Theranostics 2020; 10(3):1074-1089. doi:10.7150/thno.37931 This issue Cite
Research Paper
1. Institute of Stomatology and Department of Oral Implantology, Guanghua School of Stomatology, Hospital of Stomatology, Sun Yat-sen University and Guangdong Provincial Key Laboratory of Stomatology, Guangzhou 510055, China;
2. Zhujiang New Town Clinic, Guanghua School of Stomatology, Hospital of Stomatology, Sun Yat-sen University and Guangdong Provincial Key Laboratory of Stomatology, Guangzhou 510055, China.
*These authors contributed equally to this work.
The paradoxical effect of cobalt on biological processes has aroused controversy regarding the application of cobalt-based biomaterials in bone regeneration. Tuning the dose range of cobalt ions may be a valid strategy to resolve the controversies about cobalt use for orthopedic applications. Recent progress in bone biology has highlighted the effects of multisystem cooperation (especially of osteoimmune, skeletal, and vascular systems) on bone dynamics. Before the application of this dose-tuning strategy, a deeper understanding of its dose-dependent effect on the cooperation of osteoimmune, skeletal, and vascular systems is needed. However, due to the difficulties with investigating the interaction of multiple systems in vitro, the multimodal effects of cobalt on bone homeostasis were investigated here, in an in vivo scenario.

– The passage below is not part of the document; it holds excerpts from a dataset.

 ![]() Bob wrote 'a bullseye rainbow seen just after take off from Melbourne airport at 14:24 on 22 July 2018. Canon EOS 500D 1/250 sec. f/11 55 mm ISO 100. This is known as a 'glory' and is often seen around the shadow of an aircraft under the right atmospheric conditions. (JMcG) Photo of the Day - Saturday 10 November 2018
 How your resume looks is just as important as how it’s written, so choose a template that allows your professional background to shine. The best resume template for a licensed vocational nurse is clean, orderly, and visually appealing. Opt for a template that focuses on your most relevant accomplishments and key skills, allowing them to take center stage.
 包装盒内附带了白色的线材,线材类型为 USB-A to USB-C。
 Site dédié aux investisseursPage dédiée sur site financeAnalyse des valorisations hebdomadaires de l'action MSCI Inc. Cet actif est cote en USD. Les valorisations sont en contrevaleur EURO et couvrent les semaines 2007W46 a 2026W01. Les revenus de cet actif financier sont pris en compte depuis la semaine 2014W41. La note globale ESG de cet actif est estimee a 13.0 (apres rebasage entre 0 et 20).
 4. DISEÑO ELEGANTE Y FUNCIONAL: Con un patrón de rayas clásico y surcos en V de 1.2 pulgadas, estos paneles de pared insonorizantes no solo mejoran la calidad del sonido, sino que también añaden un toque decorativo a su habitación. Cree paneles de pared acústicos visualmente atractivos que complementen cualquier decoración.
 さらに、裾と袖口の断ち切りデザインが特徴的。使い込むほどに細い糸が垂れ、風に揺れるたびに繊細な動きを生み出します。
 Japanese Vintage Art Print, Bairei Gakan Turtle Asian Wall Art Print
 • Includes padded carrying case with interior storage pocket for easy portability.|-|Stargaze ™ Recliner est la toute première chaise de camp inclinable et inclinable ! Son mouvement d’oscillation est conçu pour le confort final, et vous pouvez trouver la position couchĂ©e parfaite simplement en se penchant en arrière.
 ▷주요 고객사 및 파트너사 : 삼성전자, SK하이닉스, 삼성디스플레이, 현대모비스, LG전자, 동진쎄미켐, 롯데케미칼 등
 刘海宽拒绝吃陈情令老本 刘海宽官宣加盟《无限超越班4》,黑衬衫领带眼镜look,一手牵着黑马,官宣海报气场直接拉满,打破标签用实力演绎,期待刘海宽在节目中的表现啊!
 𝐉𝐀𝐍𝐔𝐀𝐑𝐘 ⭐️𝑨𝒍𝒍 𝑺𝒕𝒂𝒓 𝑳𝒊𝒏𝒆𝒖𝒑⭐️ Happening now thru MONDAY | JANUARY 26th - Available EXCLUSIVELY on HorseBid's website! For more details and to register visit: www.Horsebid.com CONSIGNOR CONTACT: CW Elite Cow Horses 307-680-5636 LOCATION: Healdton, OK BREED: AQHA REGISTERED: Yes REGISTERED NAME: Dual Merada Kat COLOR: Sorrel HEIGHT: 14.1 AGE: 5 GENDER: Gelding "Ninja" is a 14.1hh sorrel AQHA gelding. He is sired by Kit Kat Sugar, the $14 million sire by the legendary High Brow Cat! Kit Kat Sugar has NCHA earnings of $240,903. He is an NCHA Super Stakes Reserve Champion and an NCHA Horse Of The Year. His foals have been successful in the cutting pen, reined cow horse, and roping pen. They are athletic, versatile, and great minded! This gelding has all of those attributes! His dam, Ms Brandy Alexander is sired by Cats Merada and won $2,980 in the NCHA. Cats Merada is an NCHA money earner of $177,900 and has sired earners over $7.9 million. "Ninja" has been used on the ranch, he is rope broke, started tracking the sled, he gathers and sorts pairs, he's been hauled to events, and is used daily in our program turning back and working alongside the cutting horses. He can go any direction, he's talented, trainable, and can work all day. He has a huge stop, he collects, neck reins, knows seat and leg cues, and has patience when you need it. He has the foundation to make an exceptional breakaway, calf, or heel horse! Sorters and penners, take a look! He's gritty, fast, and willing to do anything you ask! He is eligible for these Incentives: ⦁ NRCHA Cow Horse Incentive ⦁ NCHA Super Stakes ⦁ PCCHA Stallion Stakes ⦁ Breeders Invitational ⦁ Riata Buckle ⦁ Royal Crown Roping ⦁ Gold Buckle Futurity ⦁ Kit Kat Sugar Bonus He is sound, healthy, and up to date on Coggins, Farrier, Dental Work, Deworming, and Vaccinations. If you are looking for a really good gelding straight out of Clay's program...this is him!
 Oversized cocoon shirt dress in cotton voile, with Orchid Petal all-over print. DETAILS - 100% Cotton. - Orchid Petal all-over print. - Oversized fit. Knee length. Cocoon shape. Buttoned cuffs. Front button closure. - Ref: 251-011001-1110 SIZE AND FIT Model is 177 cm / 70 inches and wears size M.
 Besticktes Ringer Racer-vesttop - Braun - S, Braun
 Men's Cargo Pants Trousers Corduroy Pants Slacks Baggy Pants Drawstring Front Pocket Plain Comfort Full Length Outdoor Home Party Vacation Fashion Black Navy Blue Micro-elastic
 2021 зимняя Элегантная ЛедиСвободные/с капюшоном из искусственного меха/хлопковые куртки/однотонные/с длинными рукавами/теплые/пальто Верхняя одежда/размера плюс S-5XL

Methods: In vitro CCK8 assay and cytoskeletal staining were preformed to detecte the cell cytotoxic reaction in response to 0.1-100 ppm cobalt stimulation. Blood clot containing 0.1 to 5 ppm of cobalt were implanted in the rat calvarium defect. The gene profile of osteoimmune, skeletal, and vascular system as well as the systemic toxicity were evaluated via RT-qPCR, histological analysis and inductively coupled plasma mass spectrometry. The bone regeneration, osteoclastogenesis and vascularization were assessed by micro-ct and histological analysis.
Results: Cobalt concentration below 5 ppm did not cause cell toxicity in vitro. No systemic toxicity was observed in vivo at 0.1-5 ppm cobalt concentration. It was found that the early cytokine profiles of the multiple interacting systems were different in response to different cobalt doses. Most of the anti-inflammatory, osteogenic, and proangiogenic factors were upregulated in the 1 ppm cobalt group at the early stage. In the late stage, the 1ppm group was most superior in bone regenerative effect while the 5 ppm group displayed the strongest osteoclastogenesis activity.
Conclusions: The 1 ppm concentration of cobalt yielded the most favorable cooperation of the osteoimmune, skeletal, and vascular systems and subsequently optimal bone regeneration outcomes. Tuning the cobalt dose range to manipulate the cooperation of osteoimmune, skeletal, and vascular systems could be a promising and valuable strategy to prevent paradoxical effects of cobalt while preserving its beneficial effects.
Keywords: cobalt, systems immunology, osteoimmunomodulation, angiogenesis, bone regeneration.